* _Supplied material_
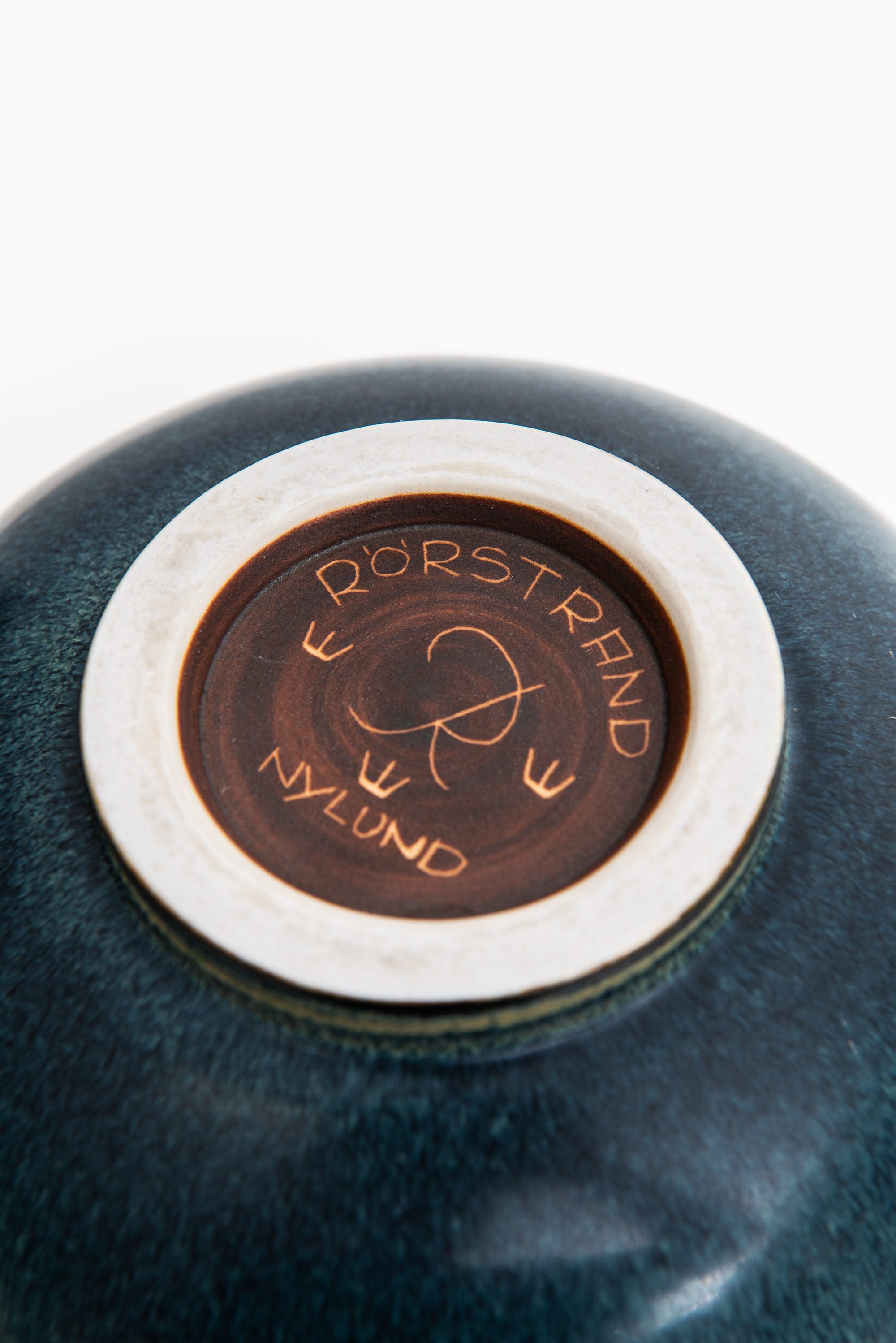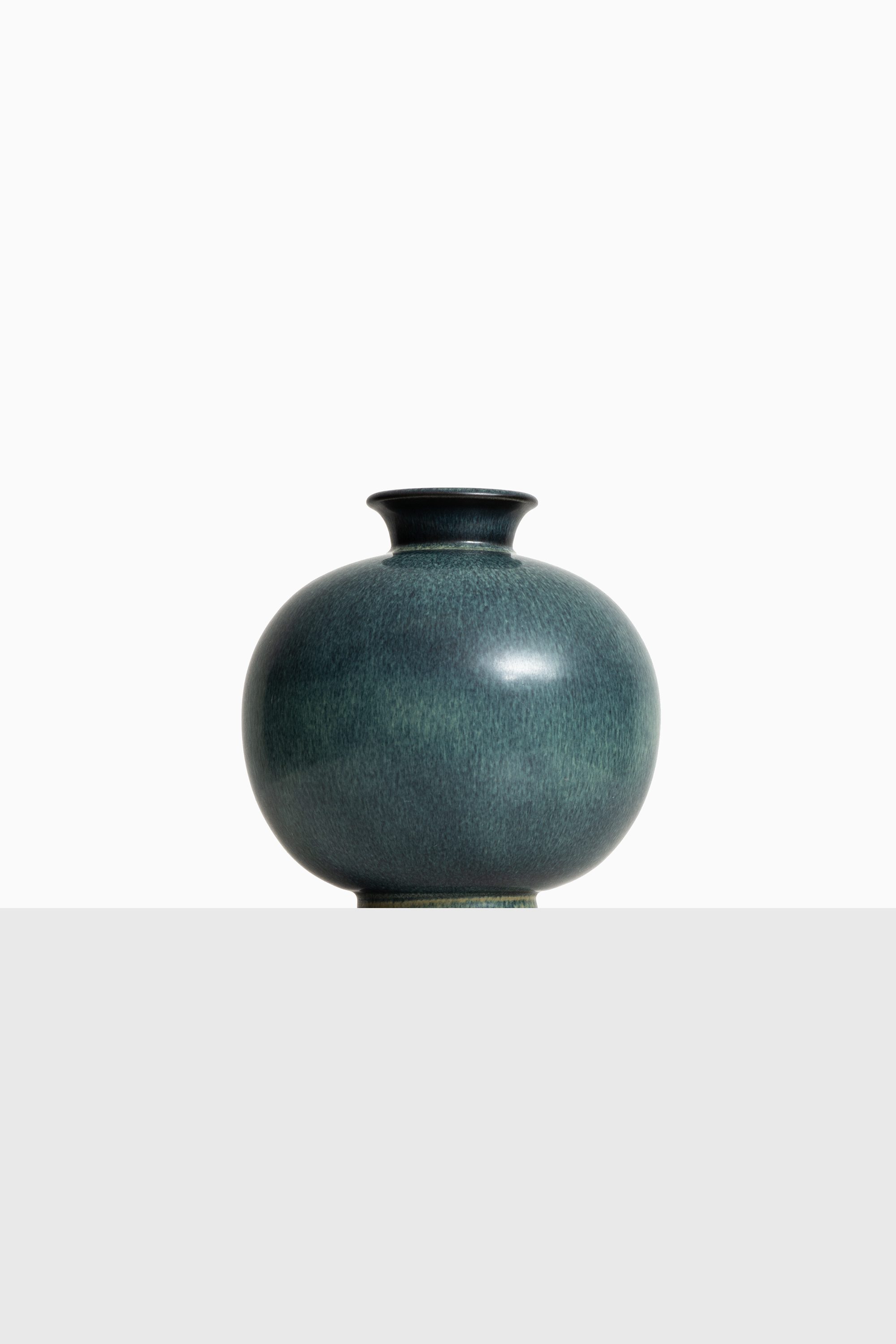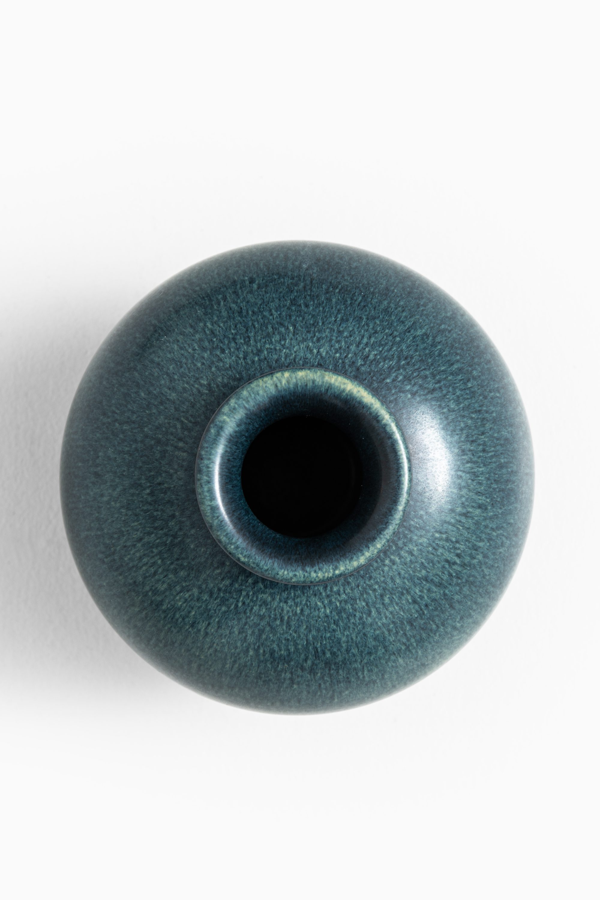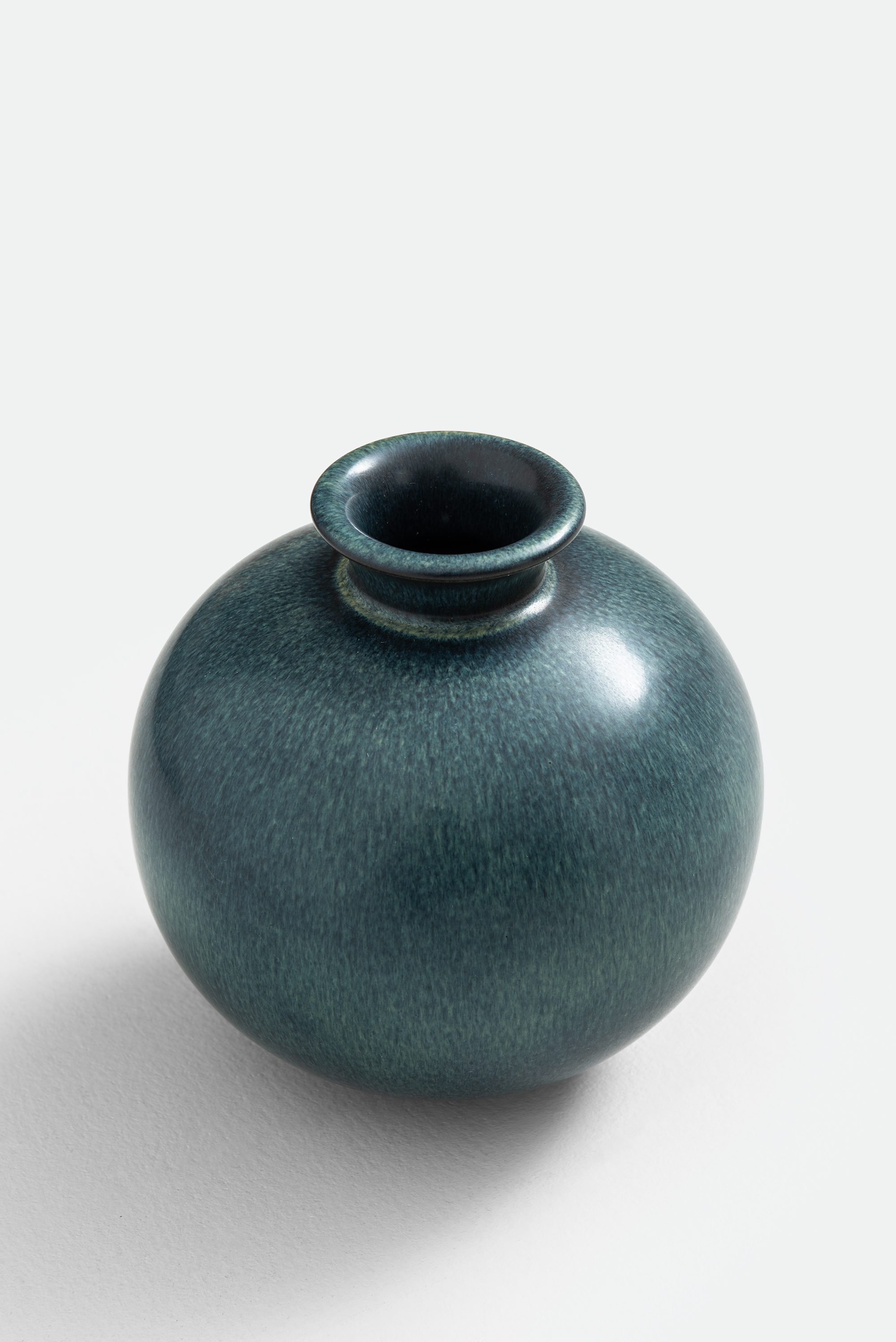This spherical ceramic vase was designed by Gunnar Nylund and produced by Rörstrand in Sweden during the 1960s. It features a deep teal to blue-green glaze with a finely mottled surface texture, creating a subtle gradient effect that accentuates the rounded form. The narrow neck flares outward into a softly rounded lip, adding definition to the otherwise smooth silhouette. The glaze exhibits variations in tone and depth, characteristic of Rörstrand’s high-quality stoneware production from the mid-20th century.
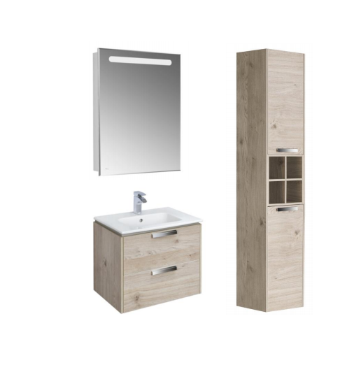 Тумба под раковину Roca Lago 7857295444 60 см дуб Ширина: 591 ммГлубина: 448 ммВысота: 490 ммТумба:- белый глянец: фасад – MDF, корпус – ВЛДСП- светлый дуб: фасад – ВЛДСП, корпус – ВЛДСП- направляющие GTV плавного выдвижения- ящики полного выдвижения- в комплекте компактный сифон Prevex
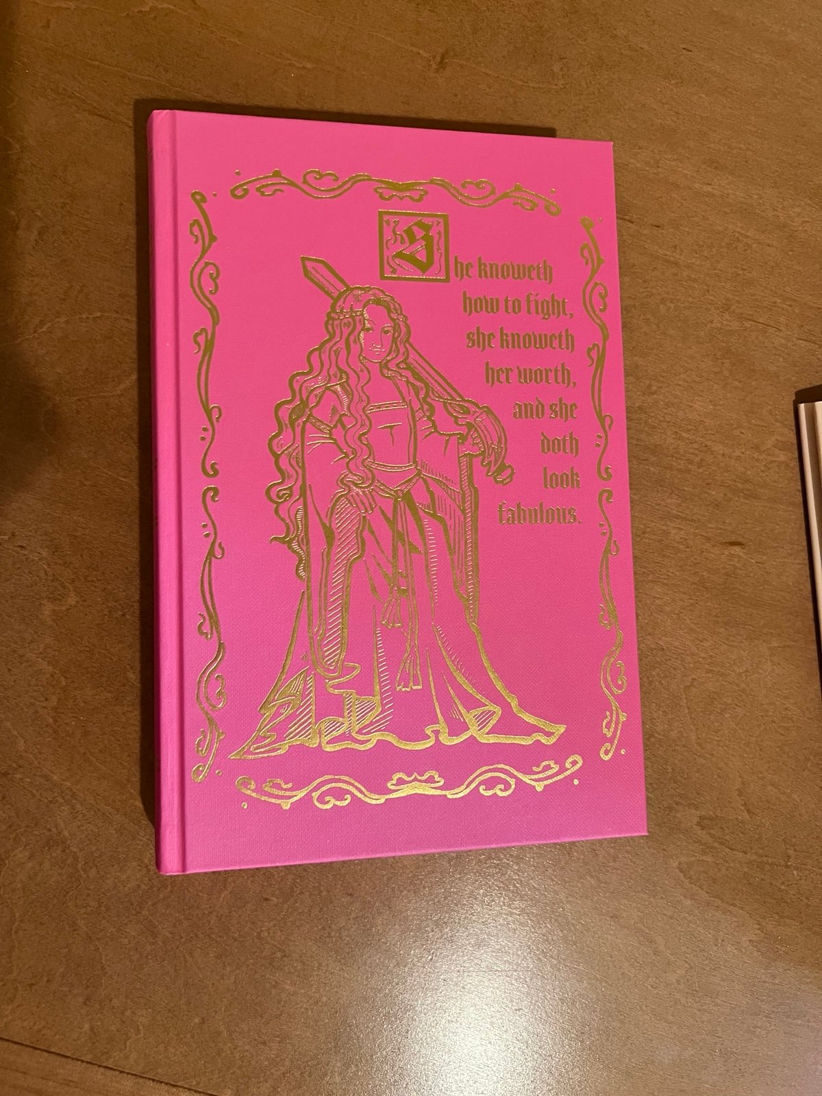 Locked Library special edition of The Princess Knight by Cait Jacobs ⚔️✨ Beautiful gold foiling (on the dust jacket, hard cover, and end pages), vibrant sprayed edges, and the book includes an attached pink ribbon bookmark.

* _Try it_
What the reply must contain is an exact transcription of the data above and none of its pictures.

* _Solution to this task_
This spherical ceramic vase was designed by Gunnar Nylund and produced by Rörstrand in Sweden during the 1960s. It features a deep teal to blue-green glaze with a finely mottled surface texture, creating a subtle gradient effect that accentuates the rounded form. The narrow neck flares outward into a softly rounded lip, adding definition to the otherwise smooth silhouette. The glaze exhibits variations in tone and depth, characteristic of Rörstrand’s high-quality stoneware production from the mid-20th century.
 Тумба под раковину Roca Lago 7857295444 60 см дуб Ширина: 591 ммГлубина: 448 ммВысота: 490 ммТумба:- белый глянец: фасад – MDF, корпус – ВЛДСП- светлый дуб: фасад – ВЛДСП, корпус – ВЛДСП- направляющие GTV плавного выдвижения- ящики полного выдвижения- в комплекте компактный сифон Prevex
 Locked Library special edition of The Princess Knight by Cait Jacobs ⚔️✨ Beautiful gold foiling (on the dust jacket, hard cover, and end pages), vibrant sprayed edges, and the book includes an attached pink ribbon bookmark.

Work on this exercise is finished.